A bootstrapped sample is a form of resampling from a single sample to approximate the true distributoin of a statistic. For example, suppose I want to know about the distribution of a sample mean, \(\bar{X}\). If it were possible to get a large number of samples from the population, each with their own \(\bar{X}\), it would be easy to look at the true distribution of \(\bar{X}\).

Samples from Population

As an example, say we somehow come upon \(\bar{X}\) for \(10,000\) different samples of size \(100\) from a particular distribution. In this example, it will be from a \(Gamma(3,4)\). Below, the function, gamma.sample(), will get these samples. In practice, each sample is likely difficult to obtain, so this method is often not available.

gamma.sample <- function() rgamma(100,3,4)
xbars <- sapply(1:10000, function(x) mean(gamma.sample()))
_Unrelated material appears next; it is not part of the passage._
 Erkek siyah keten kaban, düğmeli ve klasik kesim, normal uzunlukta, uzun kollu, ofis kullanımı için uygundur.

The density of our \(\bar{X}\)s can give us a nice approximation to the true distribution of \(\bar{X}\). A density plot on these samples gives a good approximation to the truth.
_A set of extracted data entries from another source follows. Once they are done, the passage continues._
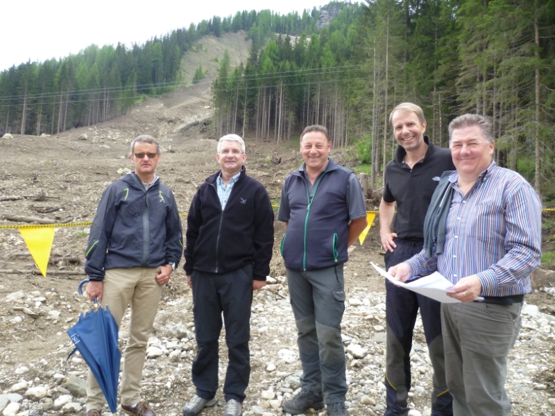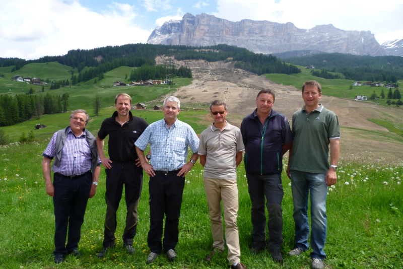 Am Beginn stand der Besuch der Baustelle bei der Rutschung Crëp dl Sela in der Gemeinde Corvara: Schneeschmelze, Sättigung des Bodens und Regen vom 27. bis 29. April 2014 haben unter der Liftanlage "Borest" bei Corvara einen Hang in Bewegung gesetzt. Die Mure hat sich über zwei Wege zu Tal bewegt und ein Hotel, einige Reihenhäuser sowie das Militärareal "Villaggio alpino" bedroht. Um den Ort künftig vor dieser Gefahr zu schützen, hat das Amt für Wildbach- und Lawinenverbauung Ost der Landesabteilung Wasserschutzbauten einen Ablenkdamm oberhalb der Liftanlage errichtet und das Gelände modelliert, um eine eventuelle Rutschung in eine vorgegebene Richtung zu lenken, einen Ablauf für Regenwasser direkt bis zur Gader mit Unterquerung unterhalb der Staatsstraße verwirklicht sowie Drainagen und Abzugsgräben zur Stabilisierung der abgelagerten Rutschungsmasse angelegt. Geplant ist noch die Errichtung eines Ablagerungsbeckens, in dem abrutschendes Material aufgefangen werden soll. Die Finanzierung erfolgt über den Zivilschutz. Die Kosten liegen bei 400.000 Euro. Für Projekt und Bauleitung zeichnet Amtsdirektor Sandro Gius verantwortlich, für die Ausführung Vorarbeiter Markus Passler mit seinem Bautrupp.
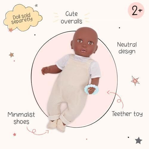 Get baby doll ready for days of play with the stylish LullaBaby doll jumper outfit. Kids can explore fashion fun as they style their doll in a cute jumper and top ensemble. And they can bring baby on the go by completing the outfit with the included shoes. With easy-open closures, LullaBaby outfits help children easily dress their dolls while exercising fine motor and social skills. Perfectly sized for young nurturers to cuddle, carry, and love, LullaBaby dolls encourage children to develop empathy and caring qualities the more they play and grow with their doll. This baby doll clothing set fits most 14″ baby dolls, doll clothing, and accessories. Makes a wonderful gift for kids ages 2 years and up. LullaBaby dolls sold separately.
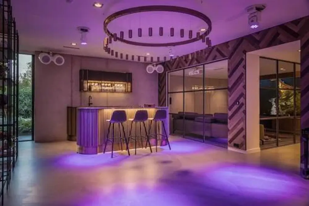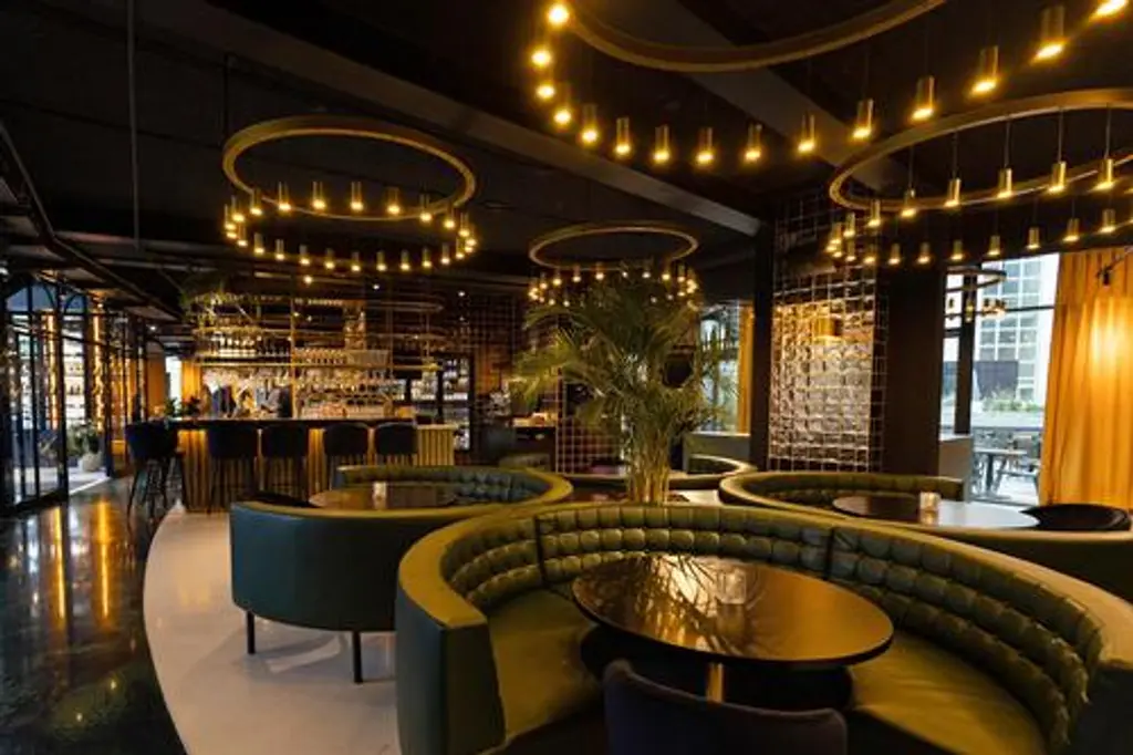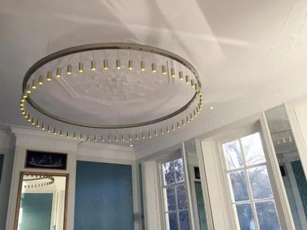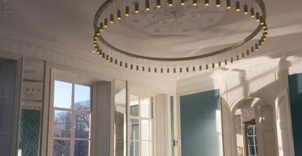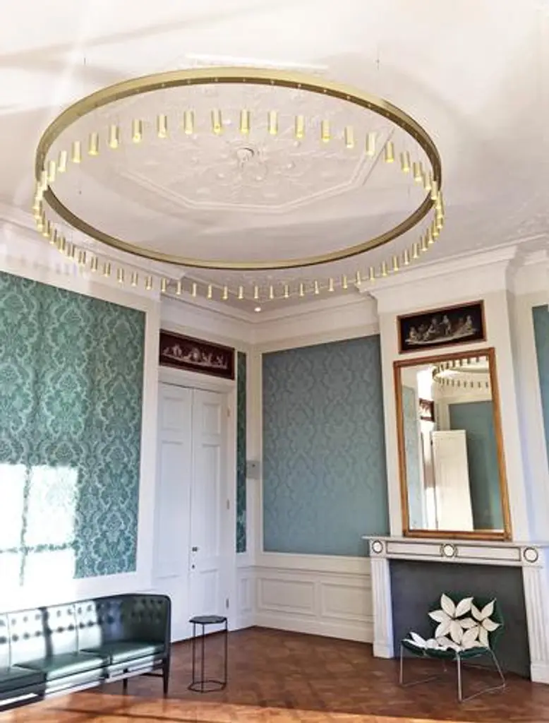 Myllennia 100 round bronze aluminum contemporary pendant lamp by jspr designed by jasper van grootel. Dimensions: ø 200 x h 100 cm. Materials: anodized aluminum. Handmade in the netherlands. up to 250v (europe/uk standard).

Code for Above Density Plot

library(ggplot2)
library(reshape2)

xbars.df <- data.frame("Population" = xbars)
data <- melt(xbars.df)

ggplot(data,aes(x=value, fill=variable)) + geom_density(alpha=0.5) +
  xlab(expression(bar(X))) + 
  ylab("Density") + 
  ggtitle(expression(paste("Approximate Density of  ",bar(X)))) + 
  theme(legend.position = "none") 

Bootstrapped Samples

Actually getting \(10,000\) distinct samples from a population would be much more difficult than gathering a single sample. Amazingly, through the power of bootstrapping, it is possible to approximate the true distribution of \(\bar{X}\) with only a single sample! If we have \(10,000\) bootstrapped samples, they can also give a good approximation, without needing to resample from the population. Bootstrapped samples are sampled (with replacement) from a single sample. In the code, bootstrap.sample() is a function that samples with replacement from the sample, one.sample, giving a new, sample.
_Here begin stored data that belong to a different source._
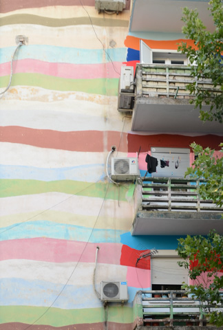 below: ‘Girl from Ipaneme’ by Kim MacConnel, 2010 (painted on the wall)
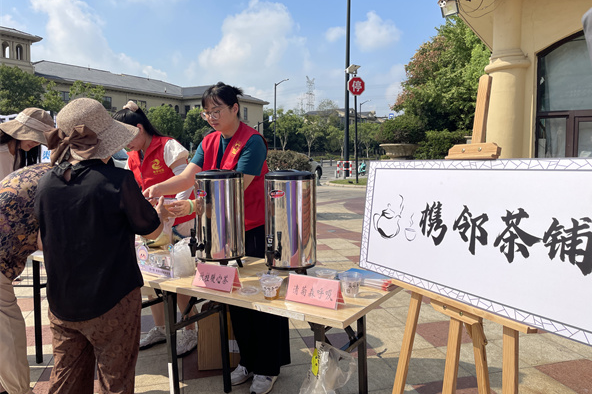 在“槜邻茶铺”前,社区工作人员正端上一杯杯清润的菊花茶,递给往来的邻里,“天气热,大家喝杯茶歇歇脚!”声声邀请中,这座以茶为媒的“连心桥”,不仅消解了彼此的生疏,更让居民们在袅袅茶香中,品出了槜李社区特有的融洽与温度。
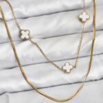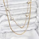 316L Çelik Zincir Gold Renk İtalyan Zincirli Yonca Model Kadın Kolye
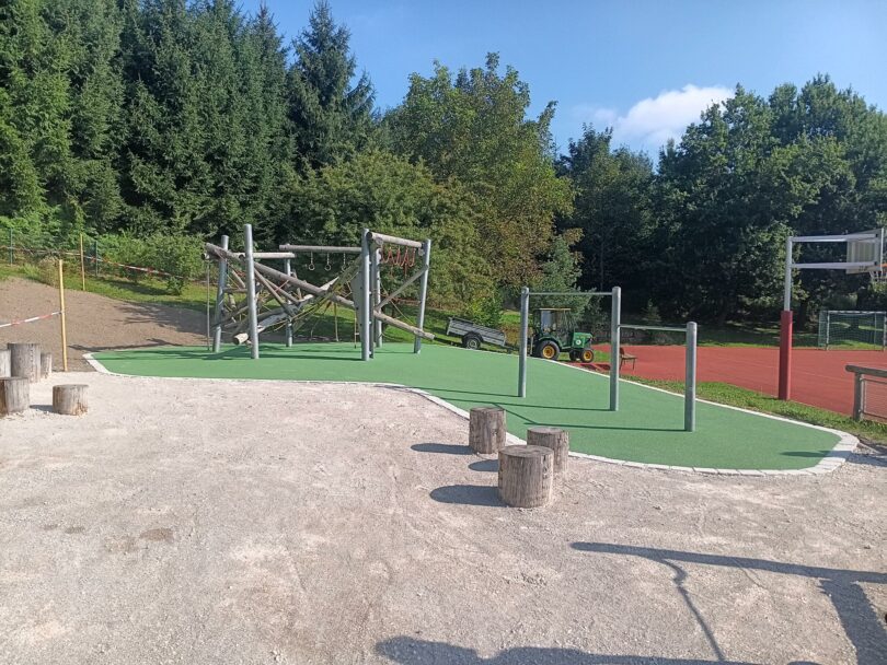 Bericht und Foto: Stadt Traunstein – Kein Riesel mehr: Der Fallschutz am Kletterspielgerät und am Zweifach-reck wurde erneuert und besteht nun aus Kunststoff. So werden keine Steine mehr auf den Hartplatz getragen, was dort stets einen zusätzlichen Reinigungsaufwand bedeutete.

one.sample <- gamma.sample()
bootstrap.sample <- function() sample(one.sample, replace = TRUE)
boot.xbars <- sapply(1:10000, function(x) mean(bootstrap.sample()))

Using each bootstrapped sample as if it were a unique sample from the population is enough to approximate the true distribution of \(\bar{X}\).

Code for Above Density Plots

all.xbars <- data.frame("Population" = xbars, "Bootstrapped" = boot.xbars)
data <- melt(all.xbars)

ggplot(data,aes(x=value, fill=variable)) + geom_density(alpha=0.5) +
  xlab(expression(bar(X))) + 
  ylab("Density") + 
  ggtitle(expression(paste("Approximate Density of  ",bar(X)))) + 
  theme(legend.title = element_blank())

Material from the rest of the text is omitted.